Producer Recruiting and Retention Is the Same Issue for Agencies

June 15, 2020 by

Why? This is the entire question for agencies when it comes to producer recruiting. Well, maybe not. Here are the elongated versions of questions I field on this issue.

  • Why is it so hard to find sales candidates?
  • Why can’t I seem to recover my investment before they cut and run?
  • Why do producers leave my agency for another?
  • Why do they want so much money guaranteed?

My partner once told me, “The easiest person to sell to is a salesperson.” If that’s true producers should be the easiest recruit. I believe that’s the case if not for one fundamental flaw with most insurance agencies. They have no idea how to sell themselves.

Producer Recruiting & Retention: Your Problem Is Branding

You train your current salespeople on how to prospect, correct? You arm them with information on the agency’s history and culture, philosophy on client service, risk management/consulting resources and marketing/broker of record (BOR) capabilities.

What is your sales pitch to recruit producers? (I’ll pause here for a moment as you think about it). If you struggle with producer recruiting, it’s because you don’t have a good answer to this question. A lot of insurance organizations have no idea what candidates find appealing or attractive about working for them.

  • Find out why your current producers like working for you.
  • Use this, verbatim, in your recruiting pitch.
  • Introduce prospective candidates to those employees during the interview process. They will be honest and positive brand ambassadors.

This exercise is a hunt for retention information, too. If your employees cannot answer why they like working for you then you’ve just identified a serious culture problem.

Producer Recruiting & Retention: Your Problem Is Preparation

What is your producer recruiting plan? I’m guessing that you require sales plans from your current producers, so they aren’t just pounding the pavement without direction. Therefore, what’s your strategy to recruit new sales talent? (I’ll pause here for a moment as you think about it.)

  • The fact is agencies that struggle to recruit producers have zero plan.
  • They kick back on their laurels and wait for people to come to them.
  • Their leaders are not actively engaged in ongoing solicitation of new sales talent.
  • Rarely do good prospects (people or business) fall in an agency’s lap. You need to be better hunters of men and women.

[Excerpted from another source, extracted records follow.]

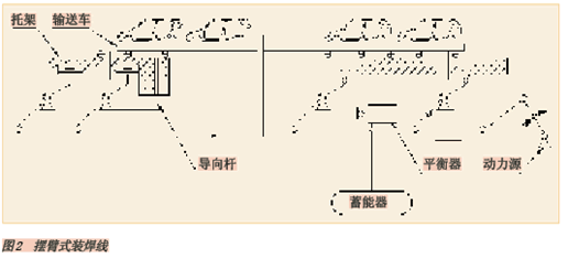目前使用的焊装线主要是由输送部分、工装夹具、焊接设备及其他辅助设备等部分组成,主要结构形式有:交叉臂步进式、摆臂步进式、滑橇输送式和台车式等。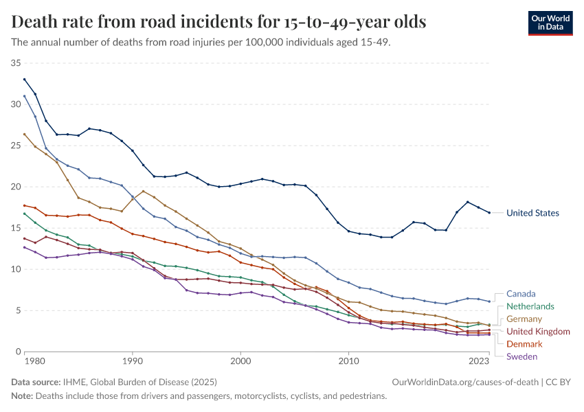 “Data Page: Death rate from road incidents for 15-to-49-year olds”, part of the following publication: Esteban Ortiz-Ospina and Max Roser (2016) - “Global Health”. Data adapted from IHME, Global Burden of Disease. Retrieved from https://owid-bot-svg-tester-thumbnai.owid.pages.dev/grapher/death-rate-from-road-accidents-for-15--to-49-year-olds [online resource]How to cite this data
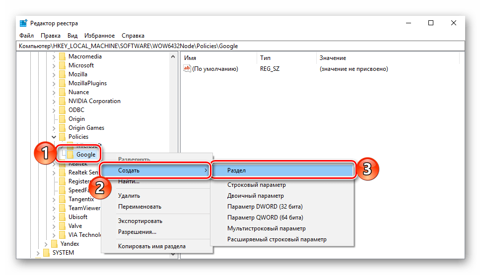 Создайте в нем раздел «Google» — для этого выделите кликом ЛКМ директорию «Policies», затем нажмите по ней же ПКМ и выберите в пеню пункты «Создать» — «Раздел». Назовите его «Google» и тоже выделите кликом.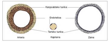 balbula batzuk daude. Arteriak eta zainak ehunezko hiru geruzek eratutako hodiak dira. Arterietako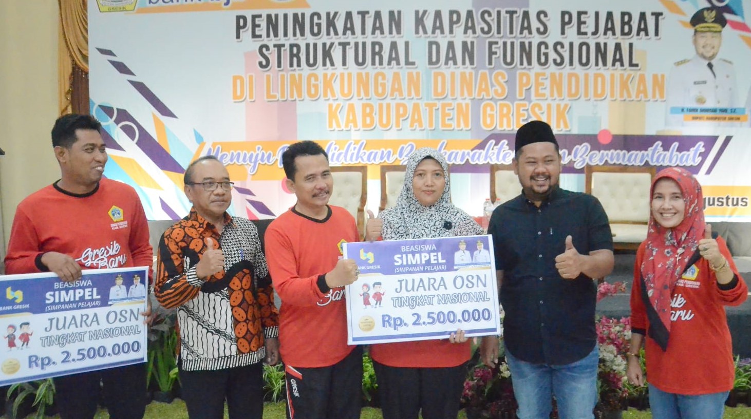 Pada sesi penutupan, Bank Gresik memberikan beasiswa Simpanan Pelajar (Simpel) untuk para siswa berprestasi di lingkup Dispendik senilai Rp 2.500.000. Beasiswa diserahkan secara simbolis oleh Bupati Yani. (sto)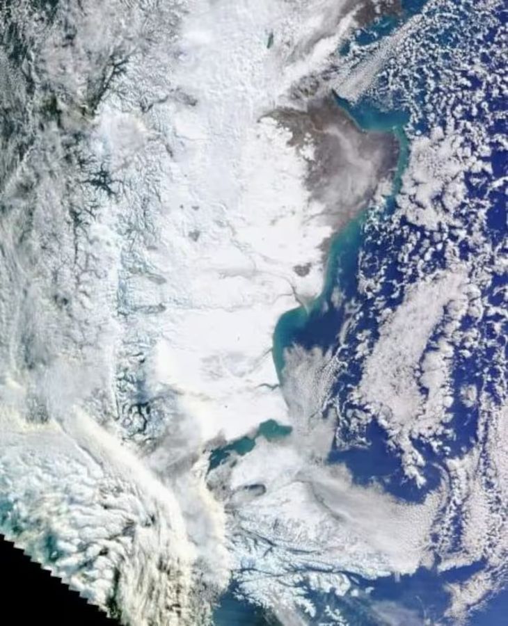 La Administración Nacional de Aeronáutica y el Espacio (NASA) publicó una impresionante fotografía satelital de la Patagonia argentina cubierta de nieve. En la foto se pueden ver las provincias de Tierra del Fuego, Santa Cruz, Chubut, Río Negro y Neuquén teñidas de blanco, debido a la ola polar que se percibió en el país en julio.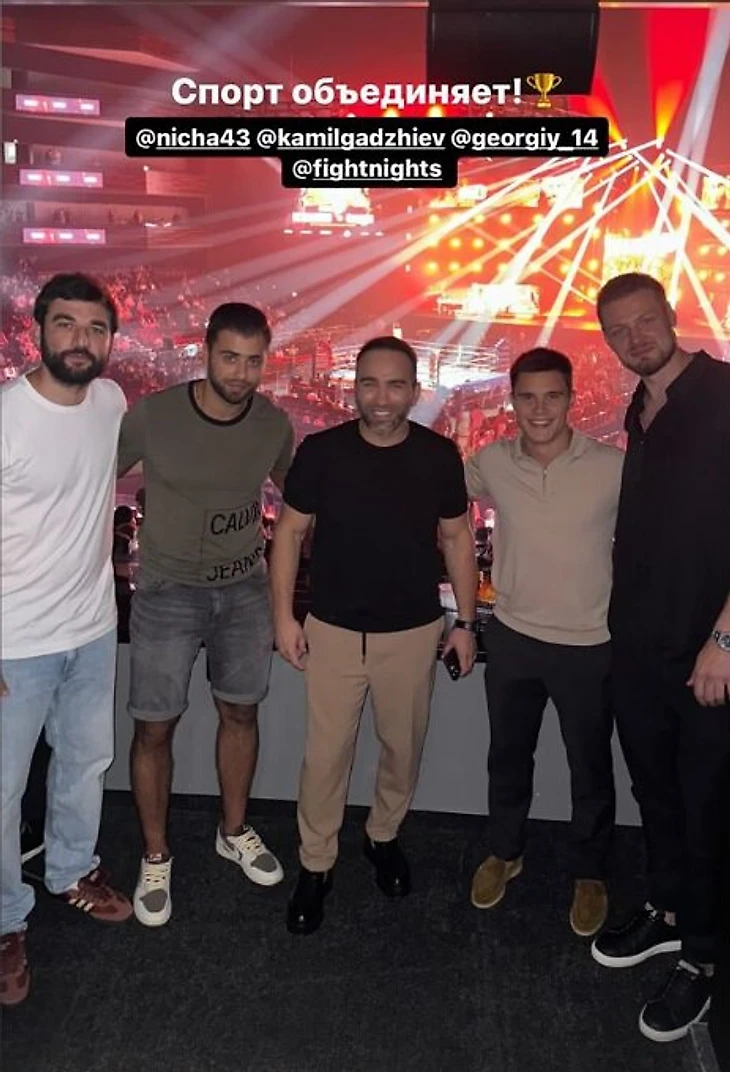 Ничушкин и Нагорный сфотографировались с экс-защитником футбольного «Спартака» Георгием Джикией и главой Fight Nights Global Камилом Гаджиевым.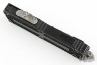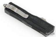 This Scarab II Gen III by Microtech features an apocalyptic finished blade with fullers. The handle has a black aluminum handle with non-slip inserts, a single glass breaker and tip down stainless steel clip. Comes with original box and papers. Has scuffs and scratches, dings, good user condition.

This exercise is about self-reflection. Too many agencies languish in poor producer hiring which leads to poor producer firing. You will retain your best producers if you elevate them from the pack. If you’re keeping marginal people on staff, then you’ll eventually drive the real producers away.

Producer Recruiting & Retention: Your Problem Is Adaptation

What is your producer recruiting profile? Do you want your current producers to be specialists with a niche market focus? I’m guessing so for very tried and true reasons. Do you apply that same principal to recruiting? (I’ll pause here while you think about your ideal persona.)

  • Experience. Are you an agency with great training? Then hire newbies. Are you an agency that needs immediate ROI? Then only acquire producers with books. Are you an agency that invests in talent? Then hire experienced, validated producers.
  • Source. Where do you want producers to come from – across the aisle, big or small agencies or pivot from non-agency firms (carriers, out of industry organizations, college recruiting)?
  • Location. Is there anyone in your local market? Do you need to relocate people in? Are the best people remote and can launch new offices?

This exercise is about self-awareness. You’ve made good and bad producer hires. You should be learning and adapting from each one. If you’re not, then history will repeat itself. Producers who feel like they fit in with your culture will stay. Producers that feel like an anomaly will leave.